総選挙における投票率の推移(総務省ホームページより)
棄権の理由については、総務省の外郭団体である「
明るい選挙推進協会」が、毎選挙後に世論調査をしています。2017年総選挙での棄権理由を見ると、上位の棄権理由(複数回答)は次のとおりです(類似の回答をまとめています)。
●
適当な政党・候補者がない、違いが分からないから 41.3%
●
投票しても政治は良くならないから 28.2%
●仕事や大切な用事があったから 27.8%
一方、投票率の高い総選挙は、有権者の一票で政治が変わるのではないかと、期待を抱かせる選挙であったことが、おおむねの共通点です。
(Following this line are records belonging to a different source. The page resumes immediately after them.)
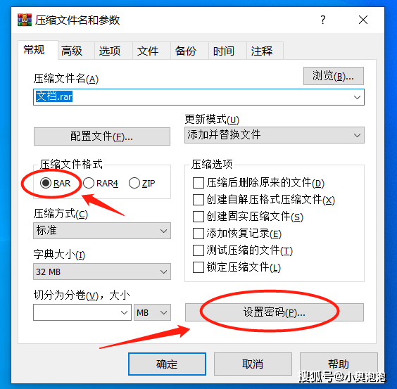 2、弹出对话框后,压缩格式选择“RAR”,然后点击【设置密码】。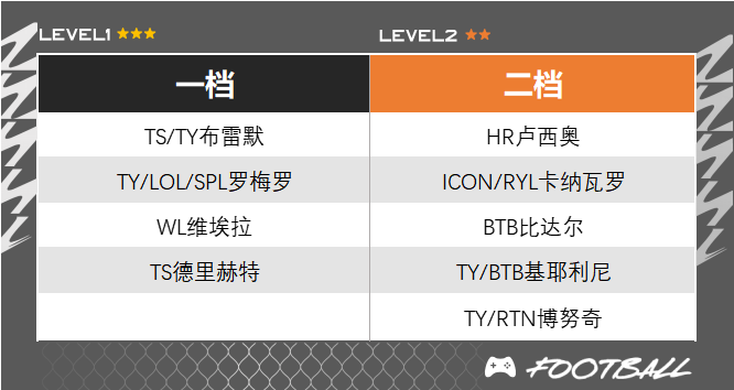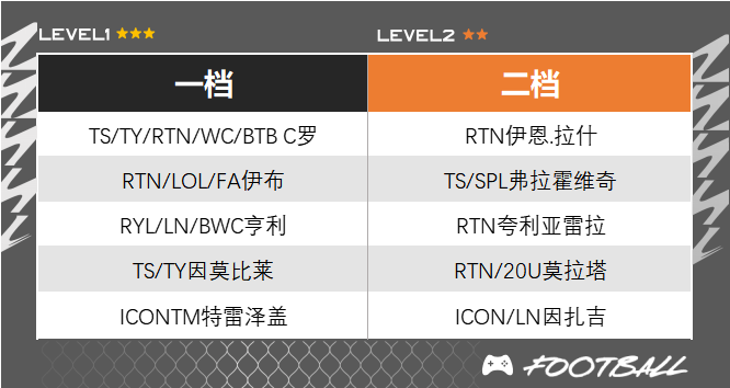 ○ 尤文套的中锋在时刻特雷泽盖上线后迎来了加强,这张双五脚的盖子已经在排位赛的中高端局有了不错出场率,提升了脚下速率以及手感,在禁区里的射术也非常无解。另外,他的强头特性以及超过140的头球数值也很适合下底传中打法。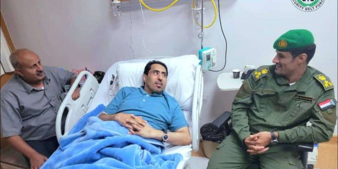 اطمأن العميد جلال ناصر الربيعي، اركان قوات الحزام الأمني، قائد قوات الحزام الأمني بالعاصمة عدن اليوم، على صحة وزير الشباب والرياضة، الأستاذ نايف البكري، الذي يرقد في إحدى مستشفيات العاصمة عدن، عقب إصابته بذبحة صدرية.
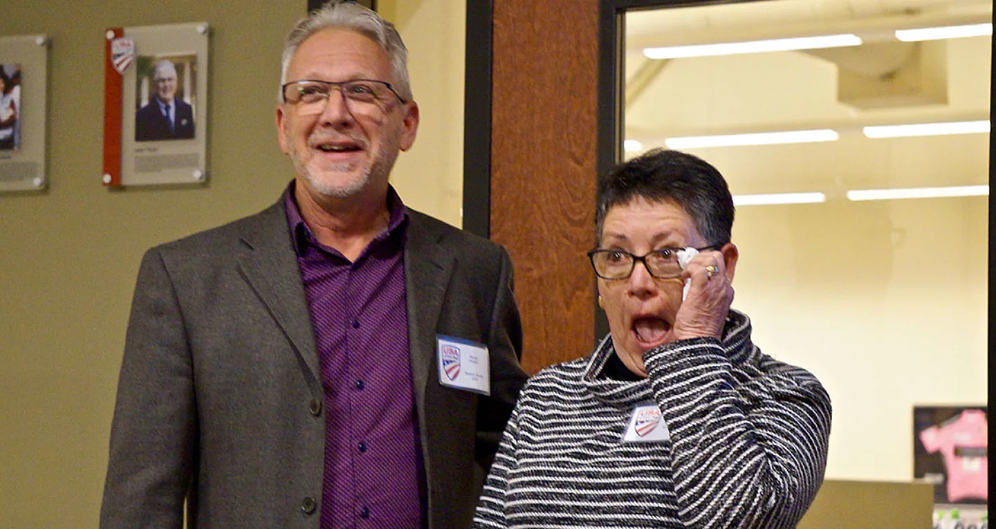 COLORADO SPRINGS, Colo. – Diane Fortini (Hanson, Mass.) became the seventh person to be added to the USA Cycling Officials’ Hall of Fame. She was presented with a plaque and ceremony at the USA Cycling (USAC) headquarters on February 16, during the 2019 Official’s Summit. Fortini has spent the better part of the last 25 years as part of the cycling community, as an official, member of the Board of Trustees, liaison to the Bermuda Cycling Center, and a fixture within the New England Bicycle Racing Association (NEBRA).

例えば、ピークの第28回総選挙は、1955年に保守合同で自由民主党が成立し、社会党再統一で日本社会党が成立した後、初めての総選挙でした。1980年の第36回総選挙は、自民党内の抗争で内閣不信任案が可決されたことを受けての総選挙でした。2009年の第45回総選挙は、民主党を中心とする政権に交代した総選挙でした。
つまり、自らの考え方に合う政党・候補者の出現を含め、
自らの一票に「手ごたえ」を感じる有権者が増えれば、それだけ投票率が高まることが分かります。期日前投票や投票所の増加など、投票しやすい工夫をすれば、投票日当日に仕事や大切な用事がある有権者も、投票しやすくなるので、さらに投票率は高まるでしょう。
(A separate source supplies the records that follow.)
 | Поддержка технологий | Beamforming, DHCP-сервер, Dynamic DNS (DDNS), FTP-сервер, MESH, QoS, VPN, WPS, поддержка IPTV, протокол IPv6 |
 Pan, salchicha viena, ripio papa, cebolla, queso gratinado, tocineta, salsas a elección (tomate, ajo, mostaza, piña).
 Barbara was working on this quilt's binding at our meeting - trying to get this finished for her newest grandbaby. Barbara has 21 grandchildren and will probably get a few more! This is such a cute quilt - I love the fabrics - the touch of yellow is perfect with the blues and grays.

政治学研究者としては、棄権する有権者に対して「あなたの一票でくらしはもっと良くなる」と声を大にしていいたいところですが、正直に告白すると、ちゅうちょしてしまいます。あなたの一票でくらしはもっと良くなる(かもしれない)と言うのが精一杯です。
なぜならば、
民意の率直な反映を阻む仕掛けが、政治システムに組み込まれているからです。それらは、選挙制度のように見えやすいものから、国会や政党の仕組みのように気づかれにくいものまで、数多くあります。
つまり、
政治は、民意を「デフォルメ」したものです。民意の特徴を誇張したり、簡略化したりしています。もちろん、デフォルメといっても、バリエーションは様々です。『週刊朝日』の人気連載「山藤章二の似顔絵塾」に掲載されている著名人の似顔絵を思い浮かべるといいでしょう。デフォルメした似顔絵といっても、肖像画のように本人に忠実な絵から、かけ離れているけど特徴を捉えている絵まであります。
そこで、国会に限定してですが、民意がどのように反映されていくのか、何が民意をデフォルメする壁(フィルターといってもいいでしょう)になっているのか、主な制度について解説します。原則となる考え方から、制度を一つ一つひも解き、選択肢を提示します。
ちなみに、国会に限定したのは、論点を拡散させないようにするためです。本来は、国の政治制度と自治体の政治制度は、相互に関係しているのですが、論点が複雑になるため、今回は触れません。その点は、機会を改めて解説したいと考えています。